Overall, 1303 stage III/IV patients were treated in the included studies. Among them, 26.3% had MSI cancers and 73.7% had microsatellite stability (MSS) cancers. In the experimental arms, 407 patients received pembrolizumab + chemotherapy (followed by pembrolizumab maintenance) in the NRG-GY018 trial, and 241 received dostarlimab + chemotherapy (followed by dostarlimab maintenance) in the RUBY trial; in the control arms, 409 and 246 total patients were treated with chemotherapy and placebo in the two studies, respectively. Both studies had PFS as the primary end point. Adding immune checkpoint inhibitors to chemotherapy significantly improved PFS in dMMR/MSI and proficient MMR/MSS patients, compared with chemotherapy/placebo.
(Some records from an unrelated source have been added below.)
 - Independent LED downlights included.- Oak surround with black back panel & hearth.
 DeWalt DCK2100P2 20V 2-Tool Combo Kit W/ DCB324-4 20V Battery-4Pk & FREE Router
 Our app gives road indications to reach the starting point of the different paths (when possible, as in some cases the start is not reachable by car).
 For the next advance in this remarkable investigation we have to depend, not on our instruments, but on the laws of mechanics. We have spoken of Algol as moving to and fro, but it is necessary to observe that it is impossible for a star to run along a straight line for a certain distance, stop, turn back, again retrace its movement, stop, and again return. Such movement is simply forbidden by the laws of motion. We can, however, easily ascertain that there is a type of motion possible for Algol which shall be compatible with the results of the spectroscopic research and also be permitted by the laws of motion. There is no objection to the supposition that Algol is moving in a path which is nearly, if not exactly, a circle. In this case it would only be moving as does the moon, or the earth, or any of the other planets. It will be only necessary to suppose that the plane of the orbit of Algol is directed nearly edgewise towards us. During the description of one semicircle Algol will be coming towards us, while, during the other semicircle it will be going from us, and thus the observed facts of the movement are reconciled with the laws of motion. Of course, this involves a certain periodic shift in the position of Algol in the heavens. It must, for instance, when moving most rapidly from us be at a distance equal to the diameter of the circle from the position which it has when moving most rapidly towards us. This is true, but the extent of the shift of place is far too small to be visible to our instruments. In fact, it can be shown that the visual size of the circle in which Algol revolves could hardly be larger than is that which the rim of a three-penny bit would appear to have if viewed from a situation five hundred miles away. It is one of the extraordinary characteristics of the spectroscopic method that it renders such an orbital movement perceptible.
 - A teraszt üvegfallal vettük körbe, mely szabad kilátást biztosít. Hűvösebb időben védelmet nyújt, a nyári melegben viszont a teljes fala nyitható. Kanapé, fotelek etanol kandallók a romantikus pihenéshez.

No difference in all-grade adverse events emerged between the two arms; however, immune checkpoint inhibitors plus chemotherapy increased the risk of adverse events of Grade 3 or above (Figure 1). Overall survival data were not mature at the time of our analysis.
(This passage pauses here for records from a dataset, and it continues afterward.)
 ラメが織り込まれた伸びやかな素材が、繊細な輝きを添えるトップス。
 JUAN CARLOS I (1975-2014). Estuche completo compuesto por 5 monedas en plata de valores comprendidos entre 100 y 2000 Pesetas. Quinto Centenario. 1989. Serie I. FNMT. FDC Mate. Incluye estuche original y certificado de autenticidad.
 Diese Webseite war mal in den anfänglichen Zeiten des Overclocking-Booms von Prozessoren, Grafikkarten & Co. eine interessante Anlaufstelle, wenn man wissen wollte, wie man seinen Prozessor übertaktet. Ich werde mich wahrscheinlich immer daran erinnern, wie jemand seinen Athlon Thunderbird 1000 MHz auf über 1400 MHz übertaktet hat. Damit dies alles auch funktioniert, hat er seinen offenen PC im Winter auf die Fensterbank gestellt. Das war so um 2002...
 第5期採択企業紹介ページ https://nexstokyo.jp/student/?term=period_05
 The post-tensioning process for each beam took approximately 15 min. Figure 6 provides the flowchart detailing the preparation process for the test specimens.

Adding immune checkpoint inhibitors to chemotherapy significantly improves PFS in first-line endometrial cancer, regardless of MMR status. Among the gynaecological tumours, endometrial cancer—especially the endometrial subtype—displays the highest rate of dMMR/MSI, found in 15–30% of cases. The presence of dMMR is often associated with poor prognostic factors, such as high grade or stage, and has an intermediate prognosis between ‘copy number low’ and p53-mutated tumours according to the ProMiSe classification.^{4, 5} In the metastatic setting, MMR is a useful biomarker for identifying patients with progressive disease despite platinum therapy, for which immune checkpoint inhibitors are effective alone or combined with other agents, such as tyrosine-kinase inhibitors.¹ However, first-line studies seem to topple this paradigm, and the reason for the different role of MMR status in this setting is not clear. Notwithstanding, MMR status is helpful for the individuation of Lynch syndrome and familiar prevention. Given a warning on adverse events of Grade 3 or above found in our analysis, OS data warrant a longer follow up to define the subset of patients who may achieve the utmost benefit from treatment intensification, sparing the other patients from unnecessary toxicities. Besides MMR, other biomarkers should be investigated for a possible prognostic role in using immune checkpoint inhibitors, such as programmed death-ligand 1, tumour mutational burden, or elements of the tumour microenvironment, building multi-marker classification.